Dataset items:
______

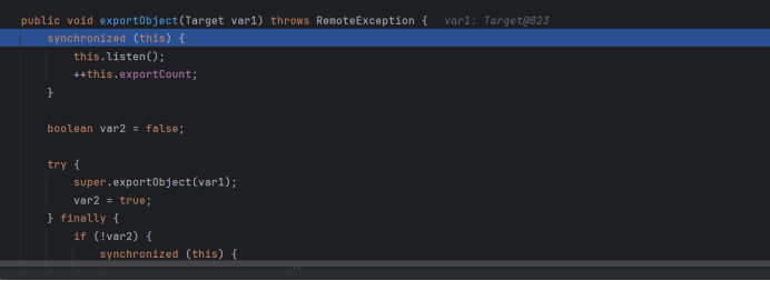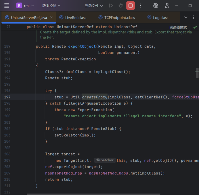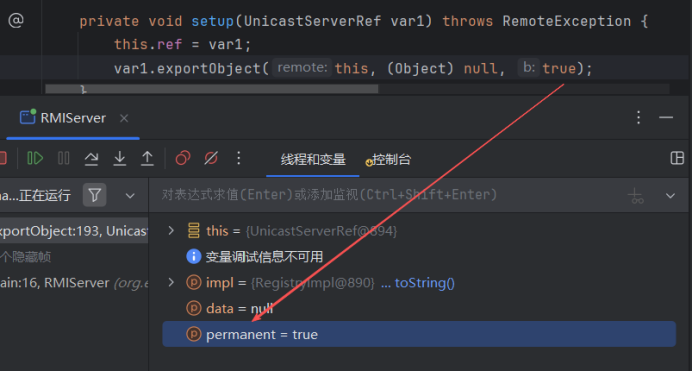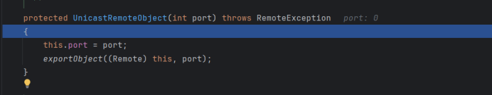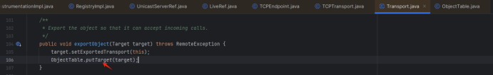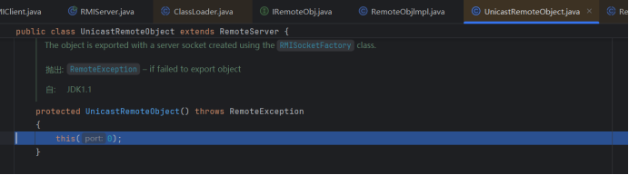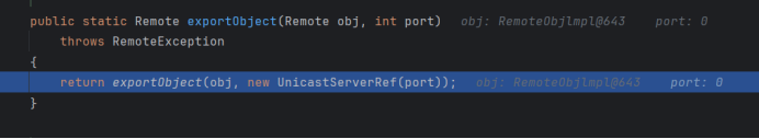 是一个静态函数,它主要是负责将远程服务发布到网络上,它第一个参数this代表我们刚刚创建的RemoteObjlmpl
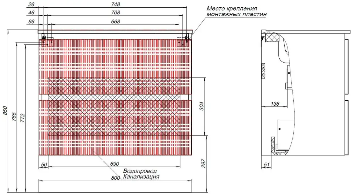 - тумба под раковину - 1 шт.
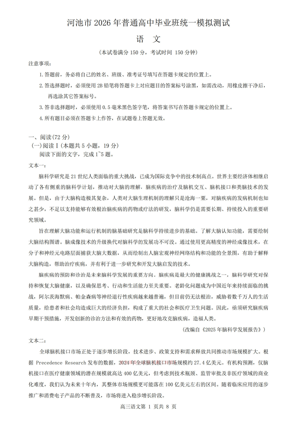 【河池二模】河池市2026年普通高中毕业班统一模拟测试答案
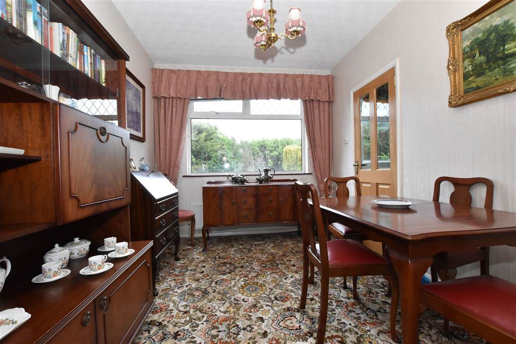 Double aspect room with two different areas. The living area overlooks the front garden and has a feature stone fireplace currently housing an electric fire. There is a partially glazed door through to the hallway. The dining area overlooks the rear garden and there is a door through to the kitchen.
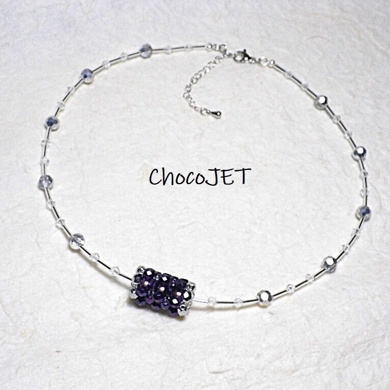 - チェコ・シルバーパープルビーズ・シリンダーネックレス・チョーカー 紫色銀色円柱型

______

What to work on » Write the data above out again exactly, minus its pictures.

Exercise solution »
 是一个静态函数,它主要是负责将远程服务发布到网络上,它第一个参数this代表我们刚刚创建的RemoteObjlmpl
 - тумба под раковину - 1 шт.
 【河池二模】河池市2026年普通高中毕业班统一模拟测试答案
 Double aspect room with two different areas. The living area overlooks the front garden and has a feature stone fireplace currently housing an electric fire. There is a partially glazed door through to the hallway. The dining area overlooks the rear garden and there is a door through to the kitchen.
 - チェコ・シルバーパープルビーズ・シリンダーネックレス・チョーカー 紫色銀色円柱型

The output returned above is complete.